- REQUIRED WORK
This exercise requires an exact output of the listing, images omitted.

- SUPPLIED DATA
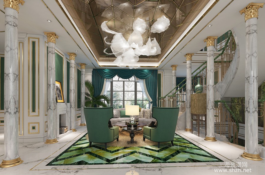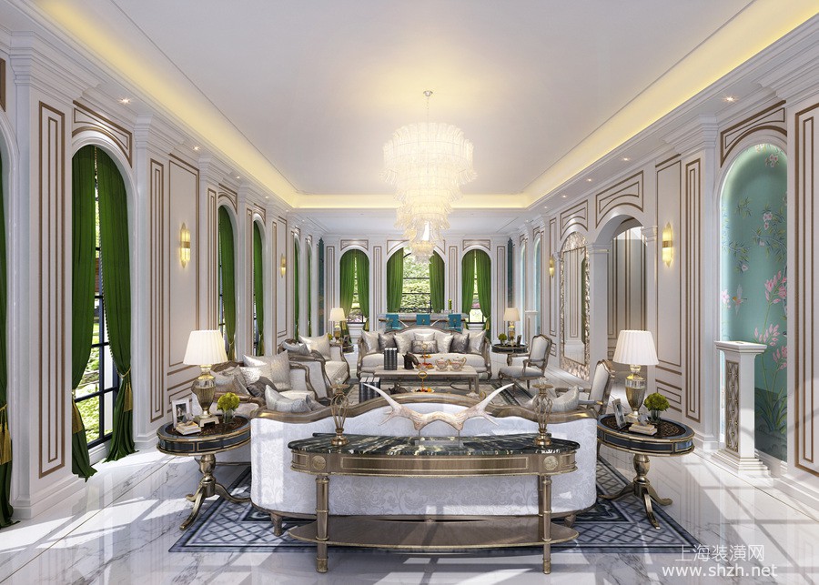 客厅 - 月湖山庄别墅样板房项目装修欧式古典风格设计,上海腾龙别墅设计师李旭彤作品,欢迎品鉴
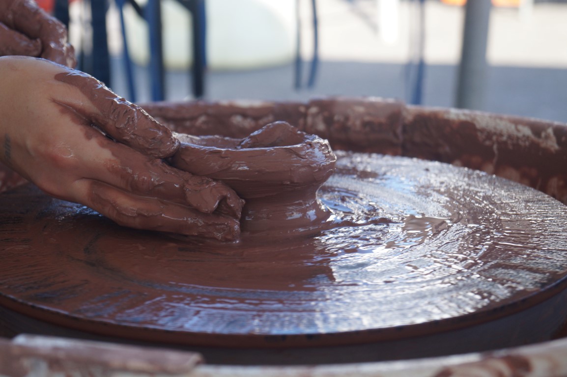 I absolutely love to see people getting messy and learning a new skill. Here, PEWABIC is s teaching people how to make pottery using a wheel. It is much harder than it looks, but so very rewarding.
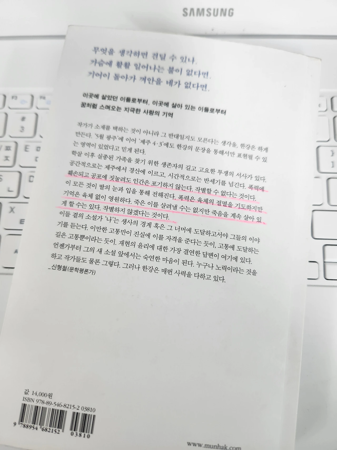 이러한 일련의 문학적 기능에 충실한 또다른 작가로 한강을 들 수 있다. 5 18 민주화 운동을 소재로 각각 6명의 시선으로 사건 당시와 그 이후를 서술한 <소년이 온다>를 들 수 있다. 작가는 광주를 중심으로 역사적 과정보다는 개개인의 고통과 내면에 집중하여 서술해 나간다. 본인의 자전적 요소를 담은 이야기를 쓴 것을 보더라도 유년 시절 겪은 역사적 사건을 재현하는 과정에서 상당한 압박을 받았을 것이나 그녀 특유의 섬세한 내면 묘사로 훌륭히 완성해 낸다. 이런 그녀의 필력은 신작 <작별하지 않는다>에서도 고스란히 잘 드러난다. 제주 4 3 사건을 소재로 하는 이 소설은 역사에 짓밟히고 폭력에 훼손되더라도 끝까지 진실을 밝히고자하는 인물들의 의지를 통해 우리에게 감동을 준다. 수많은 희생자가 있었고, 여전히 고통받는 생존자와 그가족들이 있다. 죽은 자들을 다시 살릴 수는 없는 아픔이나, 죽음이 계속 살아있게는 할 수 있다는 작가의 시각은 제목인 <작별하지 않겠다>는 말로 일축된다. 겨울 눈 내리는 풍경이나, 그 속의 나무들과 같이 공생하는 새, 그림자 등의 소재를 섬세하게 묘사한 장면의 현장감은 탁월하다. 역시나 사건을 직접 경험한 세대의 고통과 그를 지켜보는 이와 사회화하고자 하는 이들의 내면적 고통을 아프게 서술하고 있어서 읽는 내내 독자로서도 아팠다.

- SOLUTION FOR THIS TASK
 客厅 - 月湖山庄别墅样板房项目装修欧式古典风格设计,上海腾龙别墅设计师李旭彤作品,欢迎品鉴
 I absolutely love to see people getting messy and learning a new skill. Here, PEWABIC is s teaching people how to make pottery using a wheel. It is much harder than it looks, but so very rewarding.
 이러한 일련의 문학적 기능에 충실한 또다른 작가로 한강을 들 수 있다. 5 18 민주화 운동을 소재로 각각 6명의 시선으로 사건 당시와 그 이후를 서술한 <소년이 온다>를 들 수 있다. 작가는 광주를 중심으로 역사적 과정보다는 개개인의 고통과 내면에 집중하여 서술해 나간다. 본인의 자전적 요소를 담은 이야기를 쓴 것을 보더라도 유년 시절 겪은 역사적 사건을 재현하는 과정에서 상당한 압박을 받았을 것이나 그녀 특유의 섬세한 내면 묘사로 훌륭히 완성해 낸다. 이런 그녀의 필력은 신작 <작별하지 않는다>에서도 고스란히 잘 드러난다. 제주 4 3 사건을 소재로 하는 이 소설은 역사에 짓밟히고 폭력에 훼손되더라도 끝까지 진실을 밝히고자하는 인물들의 의지를 통해 우리에게 감동을 준다. 수많은 희생자가 있었고, 여전히 고통받는 생존자와 그가족들이 있다. 죽은 자들을 다시 살릴 수는 없는 아픔이나, 죽음이 계속 살아있게는 할 수 있다는 작가의 시각은 제목인 <작별하지 않겠다>는 말로 일축된다. 겨울 눈 내리는 풍경이나, 그 속의 나무들과 같이 공생하는 새, 그림자 등의 소재를 섬세하게 묘사한 장면의 현장감은 탁월하다. 역시나 사건을 직접 경험한 세대의 고통과 그를 지켜보는 이와 사회화하고자 하는 이들의 내면적 고통을 아프게 서술하고 있어서 읽는 내내 독자로서도 아팠다.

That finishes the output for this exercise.